Repeat the data as given. Images do not go in the copy.

Data listing Start Marker

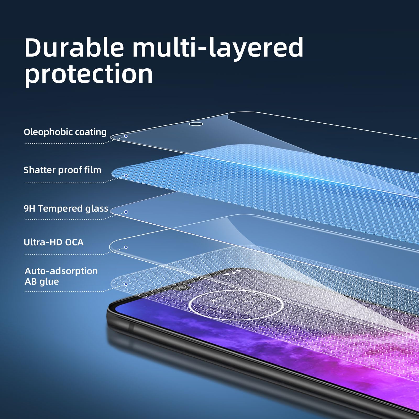 • Installation sans poussière, sans empreintes digitales, facile d’une simple pression, sans bulles.Oléophobe: il a un revêtement oléophobique qui empêche les empreintes digitales et d’autres contaminants et rend le film facile à nettoyer.
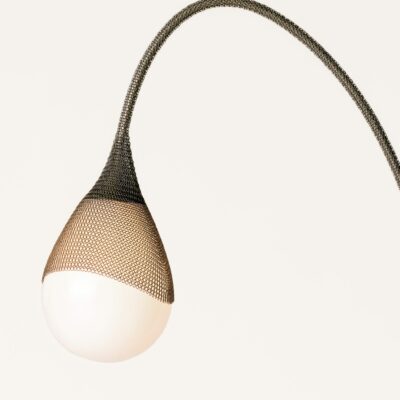 A hand-blown glass pendant hangs from an elegant, arcing curve – both cloaked in chainmail to strike a balance between strength and delicacy. A rectangular base grounds the lamp, featuring a dimmer knob to control the luminescent glow.
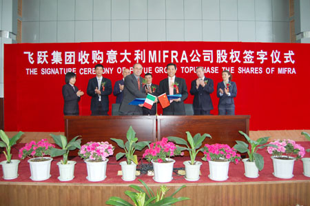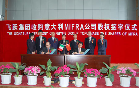 飛躍集團(tuán)與意大利MIFRA公司通過(guò)一年半時(shí)間的接觸、溝通和交流,達(dá)成了進(jìn)行合作合資的共識(shí)。此次簽字儀式的舉行正是雙方強(qiáng)強(qiáng)攜手、優(yōu)勢(shì)互補(bǔ)、謀求雙贏而結(jié)出的碩果。
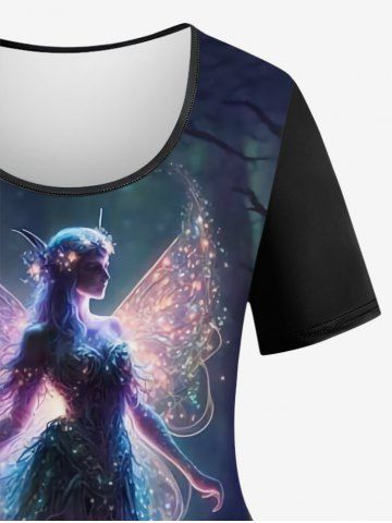 Renaissance Plus Size Glitter Sparkling Elf Angel Wing Galaxy Tree Branch Leaf Print Ombre T-shirt - Black - 5x
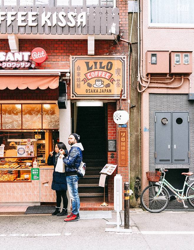 난바의 첫 번째 추천 매장은 ‘릴로커피 깃사’다. 기사텐은 일본 커피를 상징하는 전통적인 다방, 끽다점을 의미한다. 멜커피와 함께 오사카의 스페셜티 커피를 대표하는 릴로커피는 최근, 전통 일본 다방 느낌의 릴로커피깃사 매장을 추가로 열었다. 스페셜티 커피 릴로커피 깃사는 파인다이닝 세프가 평양냉면 전문점을 오픈한 느낌에 가깝다. 매장의 위치는 난바의 금룡라멘에서 멀지 않은 건물의 2층이다. 조금 애매한 위치에도 불구하고, 만석일 경우가 많다.
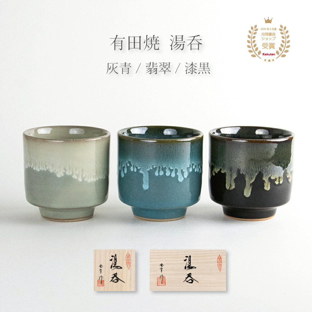 湯呑み コップ 湯呑茶碗 有田焼 プレゼント おしゃれ 専用木箱付き 漆黒(黒) 翡翠(緑)灰青(グレー)
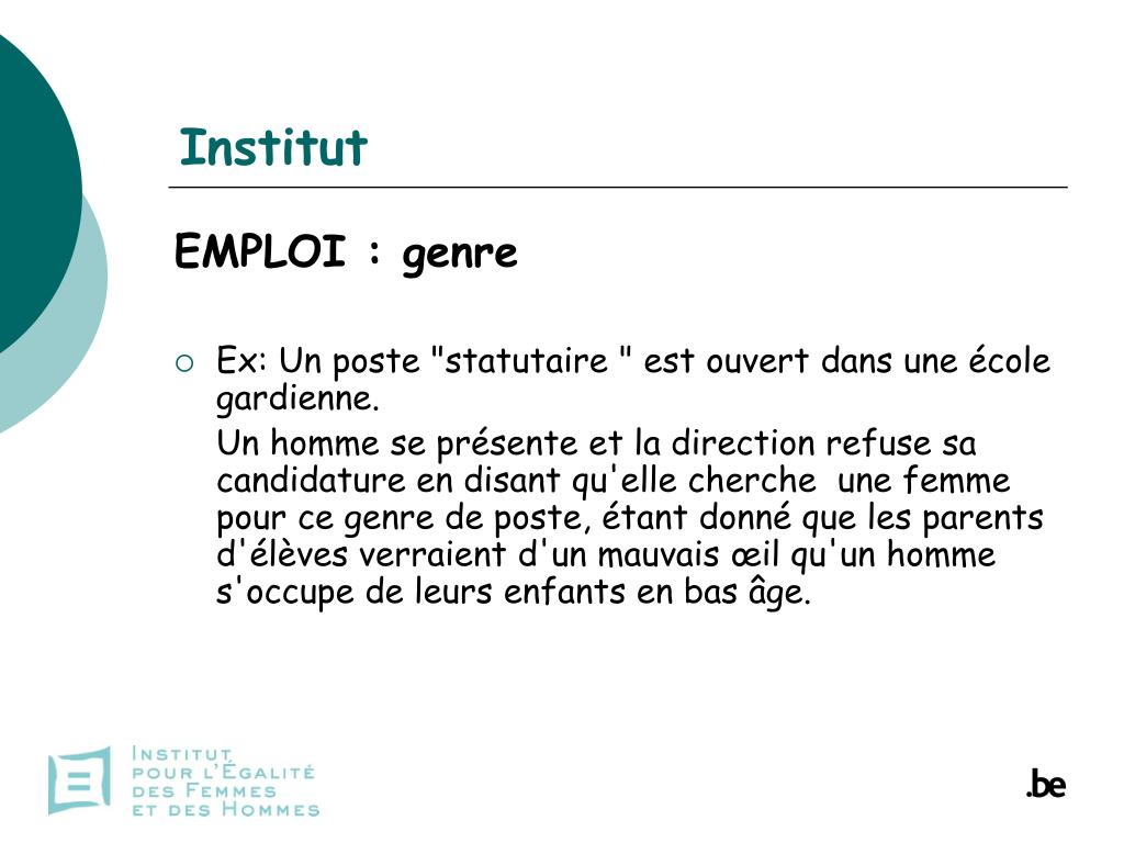 Institut EMPLOI : genre • Ex: Un poste "statutaire " est ouvert dans une école gardienne. Un homme se présente et la direction refuse sa candidature en disant qu'elle cherche une femme pour ce genre de poste, étant donné que les parents d'élèves verraient d'un mauvais œil qu'un homme s'occupe de leurs enfants en bas âge.

Data listing End Marker

**Completed exercise**
 • Installation sans poussière, sans empreintes digitales, facile d’une simple pression, sans bulles.Oléophobe: il a un revêtement oléophobique qui empêche les empreintes digitales et d’autres contaminants et rend le film facile à nettoyer.
 A hand-blown glass pendant hangs from an elegant, arcing curve – both cloaked in chainmail to strike a balance between strength and delicacy. A rectangular base grounds the lamp, featuring a dimmer knob to control the luminescent glow.
 飛躍集團(tuán)與意大利MIFRA公司通過(guò)一年半時(shí)間的接觸、溝通和交流,達(dá)成了進(jìn)行合作合資的共識(shí)。此次簽字儀式的舉行正是雙方強(qiáng)強(qiáng)攜手、優(yōu)勢(shì)互補(bǔ)、謀求雙贏而結(jié)出的碩果。
 Renaissance Plus Size Glitter Sparkling Elf Angel Wing Galaxy Tree Branch Leaf Print Ombre T-shirt - Black - 5x
 난바의 첫 번째 추천 매장은 ‘릴로커피 깃사’다. 기사텐은 일본 커피를 상징하는 전통적인 다방, 끽다점을 의미한다. 멜커피와 함께 오사카의 스페셜티 커피를 대표하는 릴로커피는 최근, 전통 일본 다방 느낌의 릴로커피깃사 매장을 추가로 열었다. 스페셜티 커피 릴로커피 깃사는 파인다이닝 세프가 평양냉면 전문점을 오픈한 느낌에 가깝다. 매장의 위치는 난바의 금룡라멘에서 멀지 않은 건물의 2층이다. 조금 애매한 위치에도 불구하고, 만석일 경우가 많다.
 湯呑み コップ 湯呑茶碗 有田焼 プレゼント おしゃれ 専用木箱付き 漆黒(黒) 翡翠(緑)灰青(グレー)
 Institut EMPLOI : genre • Ex: Un poste "statutaire " est ouvert dans une école gardienne. Un homme se présente et la direction refuse sa candidature en disant qu'elle cherche une femme pour ce genre de poste, étant donné que les parents d'élèves verraient d'un mauvais œil qu'un homme s'occupe de leurs enfants en bas âge.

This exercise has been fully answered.